→ **DATA SECTION**:
-- Opening Marker --
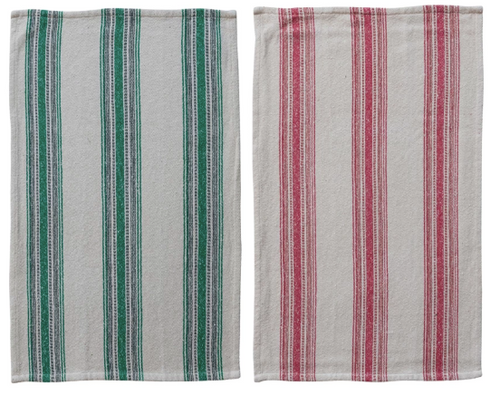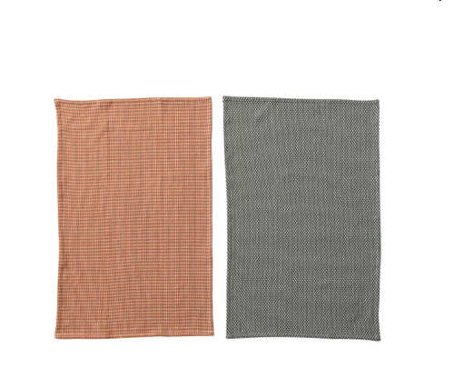Woven Cotton Dobby Tea Towels, Orange & Charcoal Color
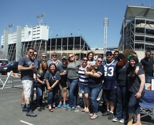 The backs of our RVs were posted on the GoPSUsports twitter. No fan base beats the blue & white faithful! Over 200 RVs out so far ahead of #PSUbluewhite. #PSUnrivaled pic.twitter.com/Pn64jNLprr It was a gorgeous day. Rich, who had driven his truck in with the convey, headed back to RV lot to get his family and crossed paths with me as I was walking over to the tailgate.
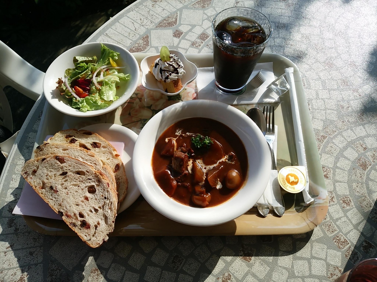 平日の午後、この日はまだビーフシチューのセットがありました。カフェのオーダーがあれば、入場料は不要とのことです。
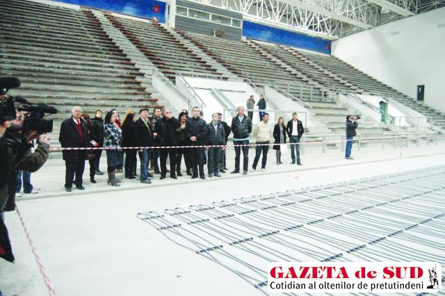 Primarul Antonie Solomon, însoţit de ziarişti, a mers ieri în „control“ la Sala Polivalentă din Craiova. Le-a arătat jurnaliştilor că lucrările din exterior sunt aproape gata – de la alei şi până la scările placate cu marmură – iar în interior s-a dat drumul la căldură – tocmai acum, când s-a încălzit şi afară! Se lucra în interior la zugrăveli şi fusese montată instalaţia de încălzire din zona de joc, urmând ca, în viitorul apropiat, peste ţevi să fie montat parchetul special. Nu exista, însă, nici un element de mobilier. „S-a licitat la Bucureşti, la Compania Naţională de Investiţii, mobilierul, adică scaunele şi tot ce mai înseamnă asta. N-au fost contestaţii, s-a semnat contractul, iar firma care a câştigat are obligaţia să le aducă la Craiova în 30 de zile“, a explicat primarul Antonie Solomon.
-- Closing Marker --
→ **WHAT THE TASK ASKS**: Pictures in the data above should not be copied; transcribe everything else exactly.

→ **EXPECTED ANSWER**:
Woven Cotton Dobby Tea Towels, Orange & Charcoal Color
 The backs of our RVs were posted on the GoPSUsports twitter. No fan base beats the blue & white faithful! Over 200 RVs out so far ahead of #PSUbluewhite. #PSUnrivaled pic.twitter.com/Pn64jNLprr It was a gorgeous day. Rich, who had driven his truck in with the convey, headed back to RV lot to get his family and crossed paths with me as I was walking over to the tailgate.
 平日の午後、この日はまだビーフシチューのセットがありました。カフェのオーダーがあれば、入場料は不要とのことです。
 Primarul Antonie Solomon, însoţit de ziarişti, a mers ieri în „control“ la Sala Polivalentă din Craiova. Le-a arătat jurnaliştilor că lucrările din exterior sunt aproape gata – de la alei şi până la scările placate cu marmură – iar în interior s-a dat drumul la căldură – tocmai acum, când s-a încălzit şi afară! Se lucra în interior la zugrăveli şi fusese montată instalaţia de încălzire din zona de joc, urmând ca, în viitorul apropiat, peste ţevi să fie montat parchetul special. Nu exista, însă, nici un element de mobilier. „S-a licitat la Bucureşti, la Compania Naţională de Investiţii, mobilierul, adică scaunele şi tot ce mai înseamnă asta. N-au fost contestaţii, s-a semnat contractul, iar firma care a câştigat are obligaţia să le aducă la Craiova în 30 de zile“, a explicat primarul Antonie Solomon.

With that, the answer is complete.